Get the quantiles of the conformity scores for each uncertainty level.

PARAMETER	DESCRIPTION
`conformity_scores`	Conformity scores for each sample. TYPE: `NDArray`
`alpha_np`	NDArray of floats between 0 and 1, representing the uncertainty of the confidence interval. TYPE: `NDArray`
`cv`	Cross-validation strategy used by the estimator. TYPE: `Optional[Union[int, str, BaseCrossValidator]]`
`agg_scores`	Method to aggregate the scores from the base estimators. If "mean", the scores are averaged. If "crossval", the scores are obtained from cross-validation. By default `"mean"`. TYPE: `Optional[str]` DEFAULT: `'mean'`

RETURNS	DESCRIPTION
`NDArray`	Array of quantiles with respect to alpha_np.

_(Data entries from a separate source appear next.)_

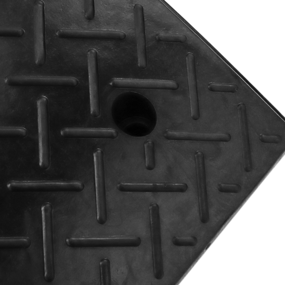 Rampe en caoutchouc pour faciliter le passage entre différentes hauteurs et petites pentes. Idéal pour aider à la circulation des voitures, motos, voitures, transpalettes, fauteuils roulants, etc. Permet la configuration en tant que réducteur de vitesse, montage de 2 unités opposées. Fabriqué en caoutchouc à haute résistance aux chocs, absorbant le bruit et a une rugosité pour éviter de glisser. Spécifications Rampe en caoutchouc haute résistance pour faciliter le passage. 1 unité. Passerelle avec surface antidérapante idéale pour le passage de voitures, motos, voitures, transpalettes, fauteuils roulants, etc. Permet la configuration en tant que réducteur de vitesse, en montant 2 unités opposées (achetées séparément). Il a deux trous pour la fixation au sol à l'aide de vis (non incluses). Dimensions: 48 x 13 x 32 cm (largeur x hauteur x profondeur).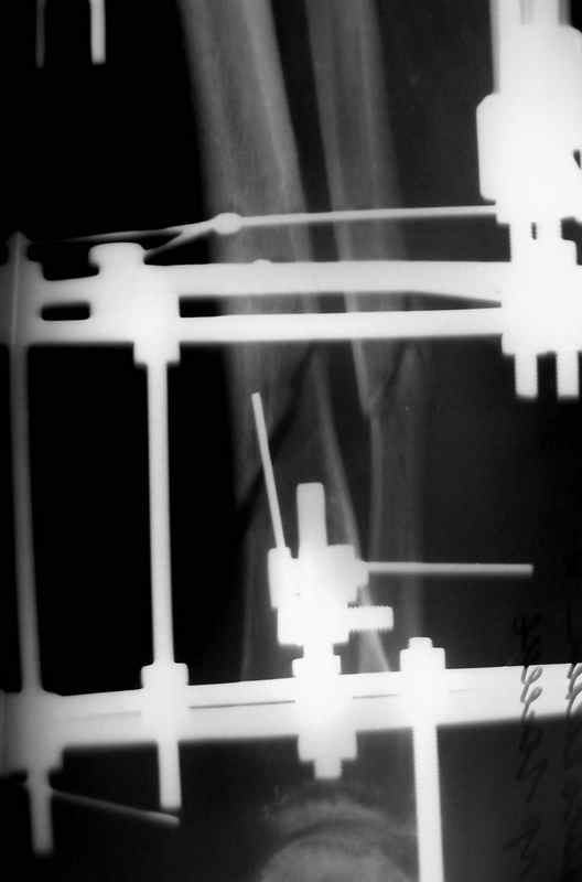 Контакт отломков только по спирали наружной стенки,заживление раны полное, на 3-4 месяце ЧКДО воздействие на регенерацию микродистрациями , 5 месяц снят аппарат по причине нестабильности и реакции м/тканей. В данный момент проблем с тканями нет, на Р-граммах псевдоартроз, клинически подвижность,больная ходит в ортезе с дозированной нагрузкой.Местно рубцовый процесс 3х5 в зоне перелома.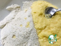 В орехи которые перекрутили в муку добавить- муку пшеничную, соль, ванилин, разрыхлитель, все хорошо перемешать. |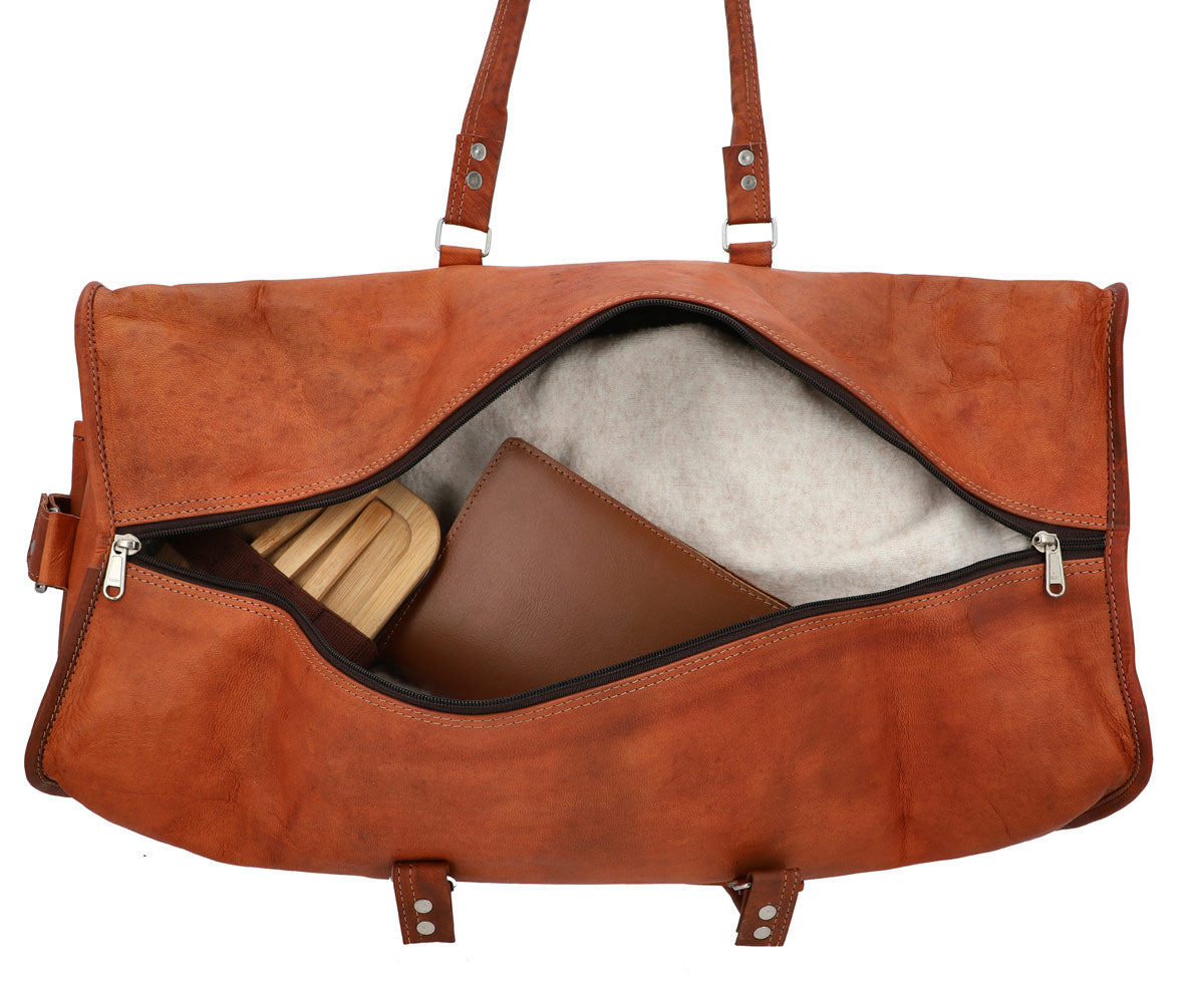 This vegetable-tanned goatskin leather cabin bag will impress you with its striking classic compact design, comfortable straps, and spacious compartments. There's plenty of space for your clothes and two pairs of shoes in the main compartment, as well as your toiletry bag and current read—there's even space for a notebook or folder. Keep your valuables safe in the additional zipped internal pocket. There's an extra external pocket on the front of the bag that you can use to store your keys, tissues, emergency medication and much more. Secure your belongings in “Oscar” using the charming vintage buckle. Your things are kept safe in the bag's main compartment by a zip.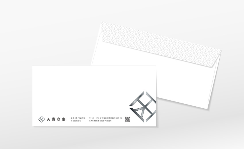 埼玉県川越市に本拠地を置く製造業のロゴデザインを手がけました。社名の漢字をモチーフに形作りつつ、製造している製品の質感や形を取り入れてロゴマーク化した案が採用されました。その後名刺や封筒にも展開、マークをグレイッシュな文様にするなどクールな世界観に仕上がっています。
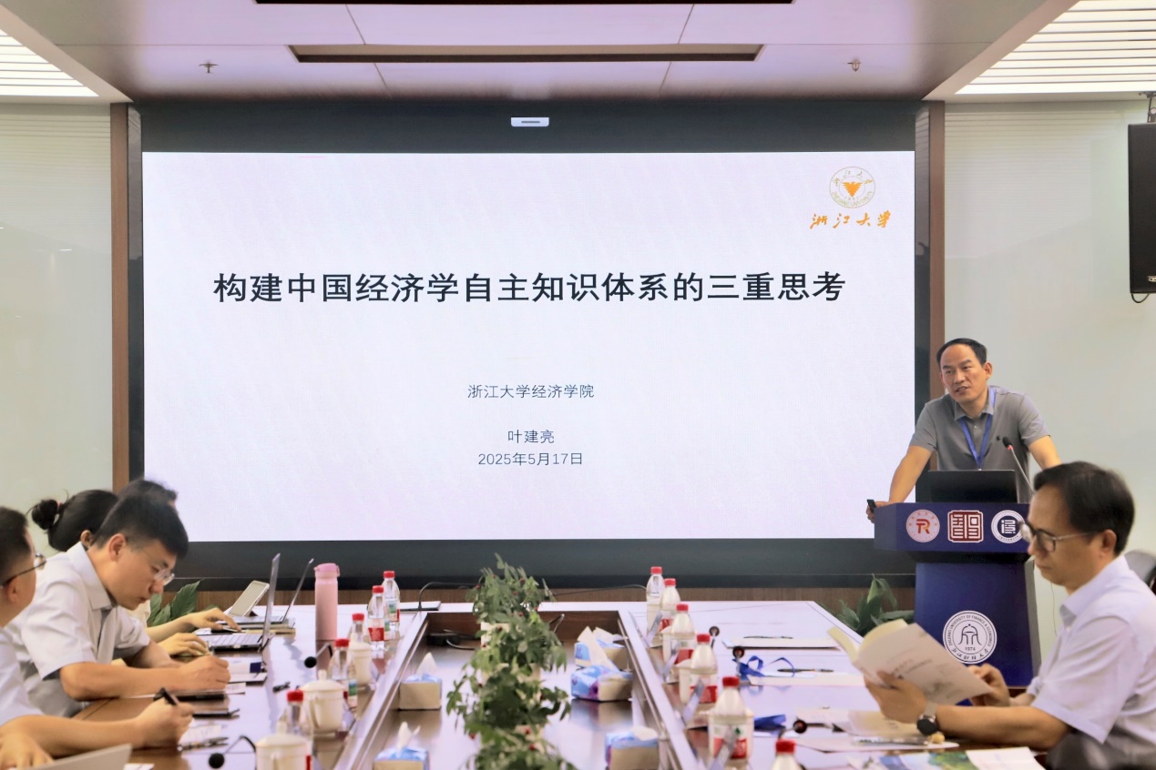 叶建亮教授作“构建中国经济学自主知识体系的三重思考”报告。他从历史、国家、功用等三大维度深入解析,指出构建中国经济学自主知识体系,不是要建立一套代替西方经济学的知识体系,而是建立一套能更有效指导中国改革开放与现代化建设的知识体系。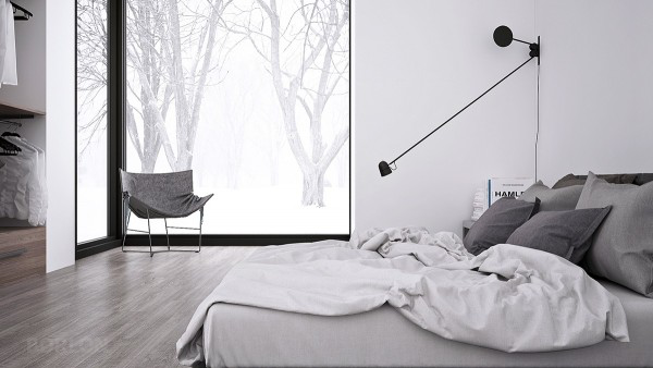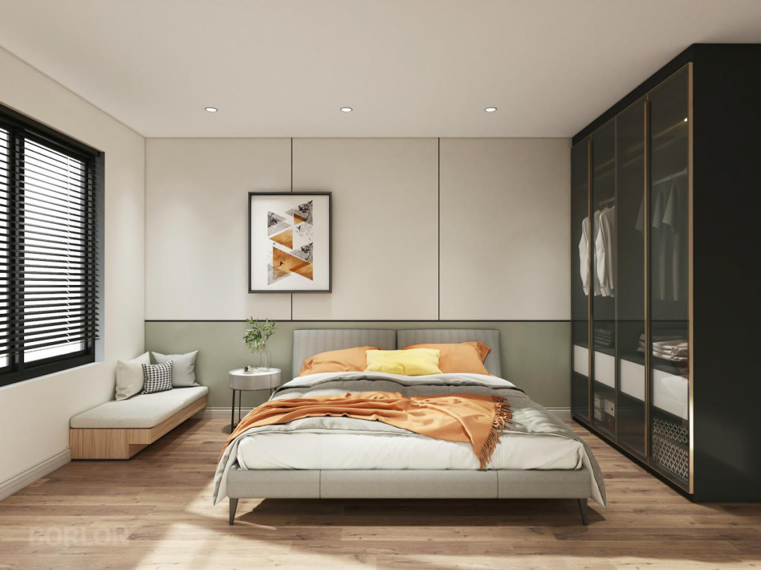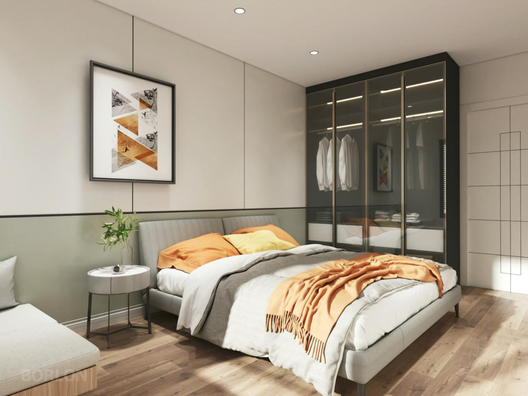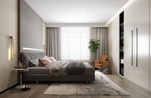 与主卧相比,次卧在色彩上增添了一份活力,浅灰色的床单,暖橙色的枕套,原木纹的地板,简洁之中透露着温暖的气息,再搭配上斯蒂芬尼墨黑玻璃门衣柜,使得空间更加简单而又不失个性,把少而精的极简主义发挥的非常彻底。

Source code in mapie/conformity_scores/sets/lac.py

def get_conformity_score_quantiles(
    self,
    conformity_scores: NDArray,
    alpha_np: NDArray,
    cv: Optional[Union[int, str, BaseCrossValidator]],
    agg_scores: Optional[str] = "mean",
    **kwargs,
) -> NDArray:
    """
    Get the quantiles of the conformity scores for each uncertainty level.

    Parameters
    -----------
    conformity_scores: NDArray of shape (n_samples,)
        Conformity scores for each sample.

    alpha_np: NDArray of shape (n_alpha,)
        NDArray of floats between 0 and 1, representing the uncertainty
        of the confidence interval.

    cv: Optional[Union[int, str, BaseCrossValidator]]
        Cross-validation strategy used by the estimator.

    agg_scores: Optional[str]
        Method to aggregate the scores from the base estimators.
        If "mean", the scores are averaged. If "crossval", the scores are
        obtained from cross-validation.

        By default `"mean"`.

    Returns
    --------
    NDArray
        Array of quantiles with respect to alpha_np.
    """
    n = len(conformity_scores)

    if cv == "prefit" or agg_scores in ["mean"]:
        quantiles_ = _compute_quantiles(conformity_scores, alpha_np)
    else:
        quantiles_ = (n + 1) * (1 - alpha_np)

    return quantiles_

get_prediction_sets ¶

get_prediction_sets(
    y_pred_proba: NDArray,
    conformity_scores: NDArray,
    alpha_np: NDArray,
    cv: Optional[Union[int, str, BaseCrossValidator]],
    agg_scores: Optional[str] = "mean",
    **kwargs,
) -> NDArray

Generate prediction sets based on the probability predictions, the conformity scores and the uncertainty level.

PARAMETER	DESCRIPTION
`y_pred_proba`	Target prediction. TYPE: `NDArray`
`conformity_scores`	Conformity scores for each sample. TYPE: `NDArray`
`alpha_np`	NDArray of floats between 0 and 1, representing the uncertainty of the confidence interval. TYPE: `NDArray`
`cv`	Cross-validation strategy used by the estimator. TYPE: `Optional[Union[int, str, BaseCrossValidator]]`
`agg_scores`	Method to aggregate the scores from the base estimators. If "mean", the scores are averaged. If "crossval", the scores are obtained from cross-validation. By default `"mean"`. TYPE: `Optional[str]` DEFAULT: `'mean'`

RETURNS	DESCRIPTION
`NDArray`	Array of quantiles with respect to alpha_np.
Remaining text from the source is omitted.